I have a number of ZFS-based systems that use SATA drives behind expanders and they work fine. I would not recommend any SAS gen1 (3Gb/s) gear, but the later LSI SAS2 and SAS3 stuff is fine (LSI 2008 controllers and later). I would also stick to reasonably reliable newer (~2013 and later) drives, i.e. not first-gen 1TB WD green drives.
I think the primary reasoning against this in the past is that a balky SATA drive that is failing and experiencing command timeouts (due to either controller or media failures) can cause the expander to drop multiple disks out of the array, not just the failing drive.
Linux raid and ZFS handle this pretty gracefully. The Linux mpt2sas driver will generally reset the entire expander and then try to start talking to the drives again. This causes a brief hiccup. If the failing drive continues to timeout you'll see this repeatedly. Occasionally, if you are unlucky, some other good drives may not come back from a reset.
Again, Linux raid and ZFS generally handle this without data loss. If these resets go on too long, you may lose drives out of the array and enter a degraded state and need to reboot the system to get them back.
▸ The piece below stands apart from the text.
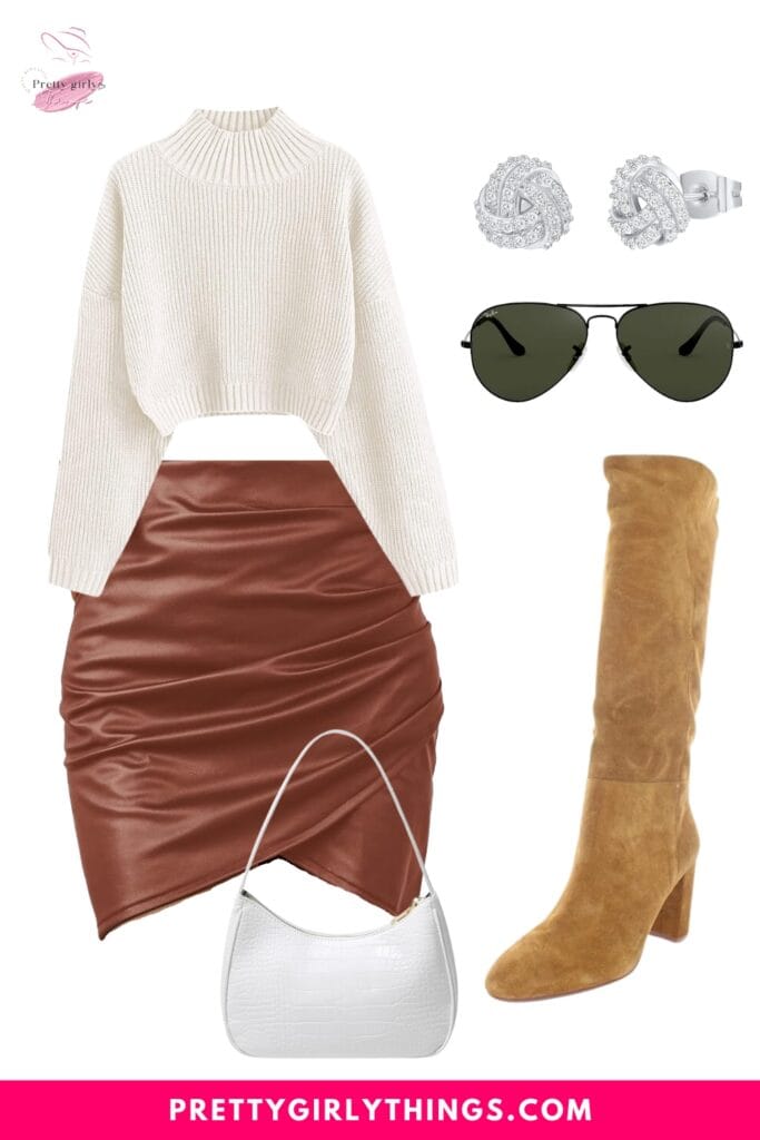 This ensemble pairs a cropped turtleneck sweater with a leather bodycon skirt for a trendy Thanksgiving look. The turtleneck keeps you warm, while the leather skirt adds sophistication. Finish it off with krafty knee-high boots for a stylish and confident appearance at your Thanksgiving gathering.

But it's unlikely you'll lose the filesystem, assuming you have protection (mirroring, raidz, raidz2, etc.)
This sounds awful but, unless you are trying to run an extreme commercial uptime environment, it's not a big deal. If all of your drives are in good health, you won't ever see a problem. If a drive starts failing, swap it as soon as you notice it causing errors.
I don't know the state of this on other ZFS-supporting OSes. They may be more or less forgiving on the LSI SAS driver-level reset behavior. If so, I would expect you would get to the "degraded array -- time to reboot" state quicker but you still probably wouldn't lose any data. At that point, swap the drive that is causing the problems.